| RECORDED DATA |
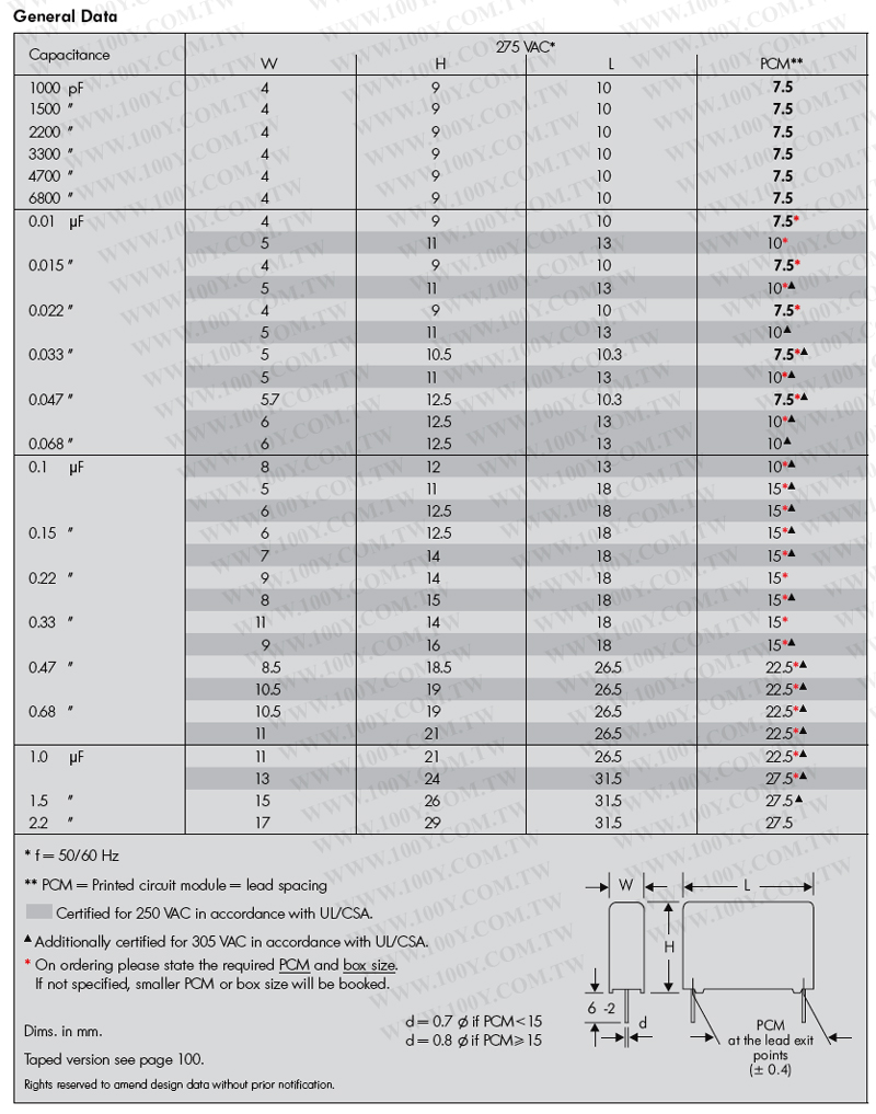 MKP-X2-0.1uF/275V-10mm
...
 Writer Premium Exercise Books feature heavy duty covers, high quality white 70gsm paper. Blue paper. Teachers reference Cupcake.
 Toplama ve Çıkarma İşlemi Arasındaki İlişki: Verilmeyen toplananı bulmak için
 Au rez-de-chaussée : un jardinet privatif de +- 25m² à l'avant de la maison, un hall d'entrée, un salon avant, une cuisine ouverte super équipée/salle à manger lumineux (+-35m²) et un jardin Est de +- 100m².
* * *
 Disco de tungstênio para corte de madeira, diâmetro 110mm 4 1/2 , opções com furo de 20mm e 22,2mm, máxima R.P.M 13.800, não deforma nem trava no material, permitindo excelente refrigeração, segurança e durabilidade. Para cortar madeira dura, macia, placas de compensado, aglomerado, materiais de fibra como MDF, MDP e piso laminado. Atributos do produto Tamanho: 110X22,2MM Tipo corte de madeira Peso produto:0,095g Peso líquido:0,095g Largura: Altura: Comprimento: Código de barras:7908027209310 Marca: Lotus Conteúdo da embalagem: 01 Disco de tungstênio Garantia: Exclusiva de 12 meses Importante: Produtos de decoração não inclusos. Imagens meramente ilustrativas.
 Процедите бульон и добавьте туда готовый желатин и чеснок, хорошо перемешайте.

| TASK GOAL |
Starting at the line with "Writer Premium Exercise" and ending at the line with "Toplama ve Çıkarma", print each line of the listing above exactly, with no other lines.

| EXERCISE RESULT |
 Writer Premium Exercise Books feature heavy duty covers, high quality white 70gsm paper. Blue paper. Teachers reference Cupcake.
 Toplama ve Çıkarma İşlemi Arasındaki İlişki: Verilmeyen toplananı bulmak için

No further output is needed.